The author-historian salvages the forgotten chapters from the dusty shelves of official archives, where they had lain buried for decades, replete with acts of heroic resistance against colonial masters. His previous account of the notorious Cellular Jail is a fitting tribute to the fortitude of many of these tortured and wrecked but defiant souls, who died unsung. He undertook the present mission as a personal commitment to tell their story, based on painstaking research and scholarship, involving thousands of documents and case histories, boundless patience and long sojourns, besides jurisprudential acuity. His timely initiative reminds the present and future generations of the debt we owe to these selfless warriors, who kept the flag of freedom fluttering high.
The turn of the 20th century, the author writes, threw up many fiery leaders such as Aurobindo Ghosh, Savarkar, Lala Lajpat Rai, Bal Gangadhar Tilak, Bipin Chandra Pal (Lal-Bal-Pal), Rash Behari Bose, etc, who took the movement to another level. Their acts roused thousands of youths, such as teenaged Khudiram Bose and not much older Bhagat Singh, to plunge headlong into the revolutionary upsurge. They cheerfully bore every privation in prison and fearlessly faced the gallows, following their conviction in the Alipore and Lahore Bomb Case, respectively. Khudiram and Prafulla Chaki, who made an abortive bid to bomb Kingsford, a notoriously brutal magistrate, brings into play the role of Aurobindo Ghosh, the father of the resistance movement.
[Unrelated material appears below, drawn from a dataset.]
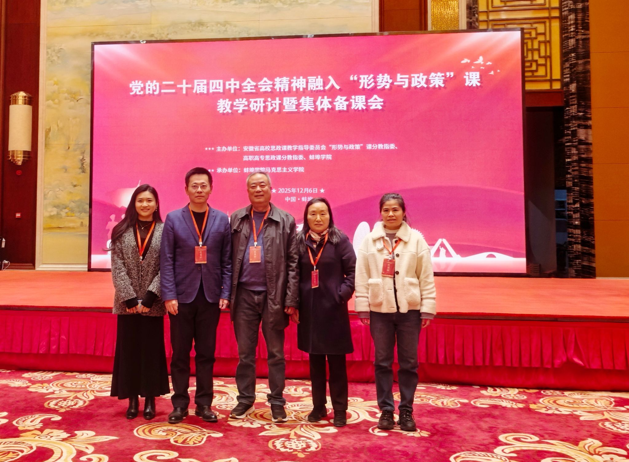 为深入学习贯彻党的二十届四中全会精神,推动“形势与政策”课教学改革创新与高质量发展,12月6日,安徽省高校思政课教学指导委员会“形势与政策”课分教指委、高职高专思政课分教指委、蚌埠学院主办,蚌埠学院马克思主义学院承办的“党的二十届四中全会精神融入‘形势与政策’课教学研讨暨集体备课会”在蚌举办,我校马克思主义学院党总支书记张翮与形势与政策教研室4位教师参加会议。

Denouncing the Congress for its servility towards the Crown, Aurobindo noted in the Indu Prakash of August 1893, not long after his return from England: “If the blind lead the blind, shall they not both fall into a ditch.” Later his stewardship of the party’s Radical Faction, along with Tilak, engendered its split with the Moderate Wing, inviting the ire of the colonial government. It clamped down on the ‘extremists,’ implicating him as the prime accused in the Alipore Bomb case in 1908, along with his sibling Barindra, besides 38 members of the Anushilan Samiti. It deported Tilak to Mandalay prison in Burma. Chittaranjan Das, a stalwart of the freedom struggle, ably defended Aurobindo and ensured his acquittal.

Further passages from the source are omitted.